William Smead
Chief Executive Officer
Chief Investment Officer
Dear Clients and Prospective Clients:
In his wonderful book A Short History of Financial Euphoria, John Kenneth Galbraith wrote that human beings ascribe higher and higher levels of intelligence to people based on how much money they make and business success they have. The opposite would be that a lower and lower level of intelligence are ascribe to investors and business people as difficult economic and stock market circumstances dominate the news. Charlie Munger, who is the vice-chairman of Berkshire Hathaway, told Stanford Business School MBA candidates a few years ago that psychology is the most undervalued discipline in business. I’d like to combine the wisdom of the timeless academic Galbraith and the respect for psychology from the super-successful investor Munger to ponder our current market conditions.
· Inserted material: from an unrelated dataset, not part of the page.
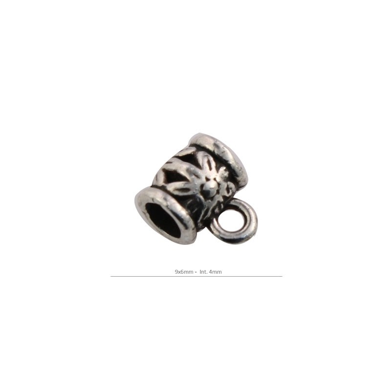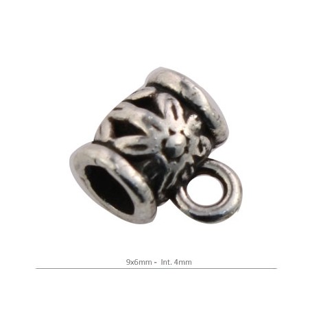 - Attache Pendentif dans zamac argenté. - La taille est de 9x6 millimètres. - L’écart de la attache pendentif est de 4 millimètres. - Le prix est par sac et le sac comprend deux unités.
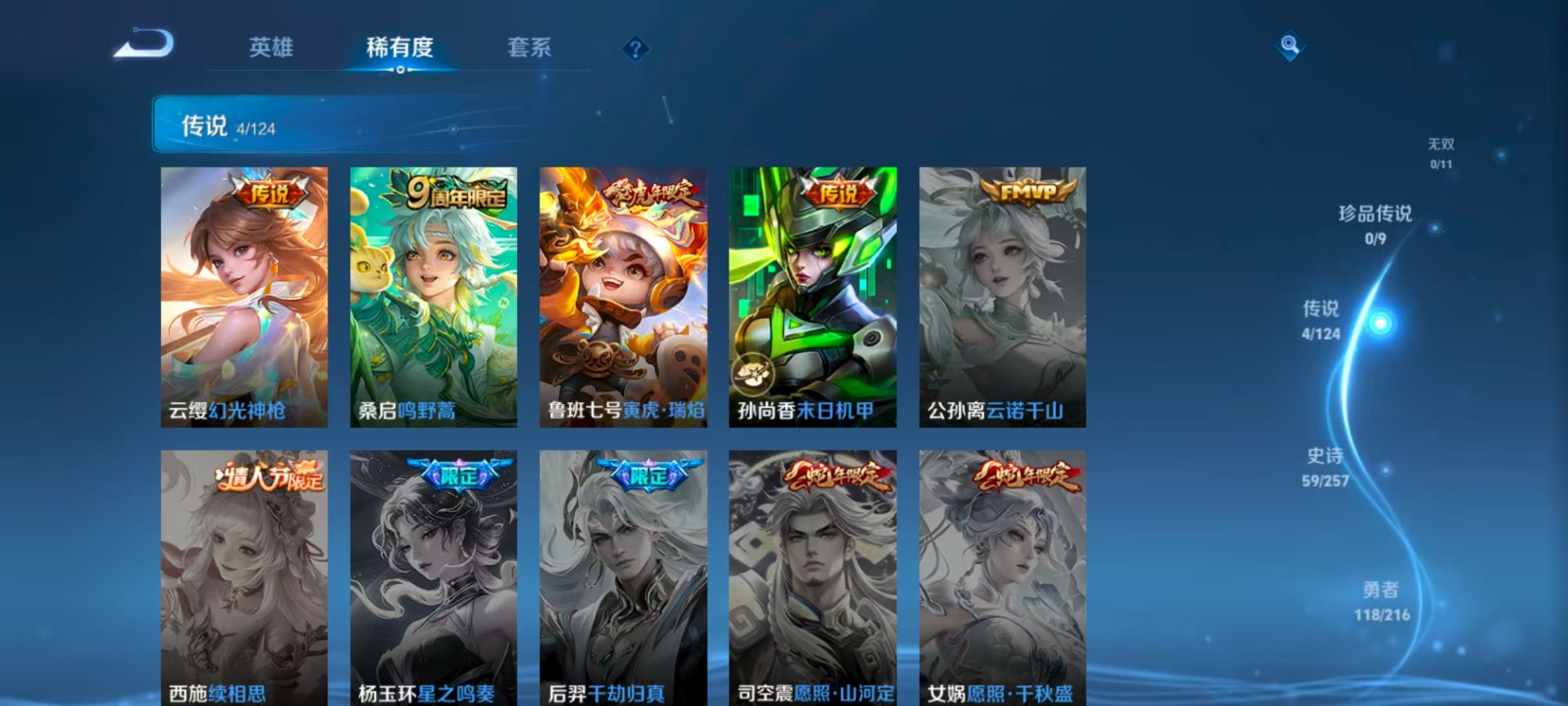 - PX_2094846-安卓Q 【可二次】 英雄数量:125 皮肤数量:271 贵族等级:贵族V8 无双限定1 荣耀典藏1 珍品传说1 传说品质22 史诗品质67器灵·螭龙剑 星域神启 朽木白哉 李逍遥 白虎志 祈雪灵祝 诗剑行 无双飞将 淬星耀世 祥瑞亨通 愿照·九州拓 齐天大圣 久胜战神 武圣 炽阳神光 冠军飞将 启明星使 地狱之眼 超时空战士男 鸣野蒿 逐花归海 落雪白狼 战鼓燎原 鹤羽星尊

The stock market in the U.S. has already fallen 50% from peak to trough since October of 2007 to today. Among many admirable money managers and stock pickers, we at Smead Capital Management appear to have very little intelligence and our IQ seems to get lower by the week. This decline ranks as the worst bear market by magnitude since the 1929-32 market, which lost over 80% of its value from peak to trough.
Perma-bear, Jeremy Grantham, who because of his negative stance on the stock market over the last 10 years is ascribed a great deal of intelligence. He has written extensively recently that he believes “high quality” U.S. stocks provide good long-term value at these levels, but strongly cautions investors that these kind of psychological business crises can overshoot to the downside. He therefore urges consistent buying, but warns that the S&P 500 Index could drop as low as 600 (around 770 today) before it makes a bottom. His main reason for the concern about the downside is that negative psychology and a negative feedback loop can dictate a great deal of panic through human behavior.
It is our view that additional major downside movement in the U.S. stock market could only be justified by a much greater economic contraction than the one we have seen so far (5% contraction year to year) or a substantial increase in U.S. Treasury bond interest rates. Many of the most negative stock market prognosticators look at the market bottoms in 1932, 1974 and 1982. Those market bottoms averaged price-to-earnings ratios of 6-8 and dividends yields of 6%. The 1932 bottom included 25% unemployment and was part of four years averaging 12% year to year contraction in the economy. The economy was chopped in half in four years. The other two bottoms at those historically low average P/E ratios (1974 and 1982) saw Treasury interest rate peaks of 9 to 10% and 13 to 15%, respectively. Therefore, without a near complete collapse in the economy or dramatically higher Treasury interest rates, we don’t see those worst-case scenarios being realized.
None of this makes the bullets we are all sweating fit through our pores any better. However, Grantham points out that his quantitative models show above average returns the next seven years on the S&P 500 Index. Bargain prices on outstanding companies with bright futures outweigh the negative psychology around us and the low level of intelligence ascribed to us for saying so.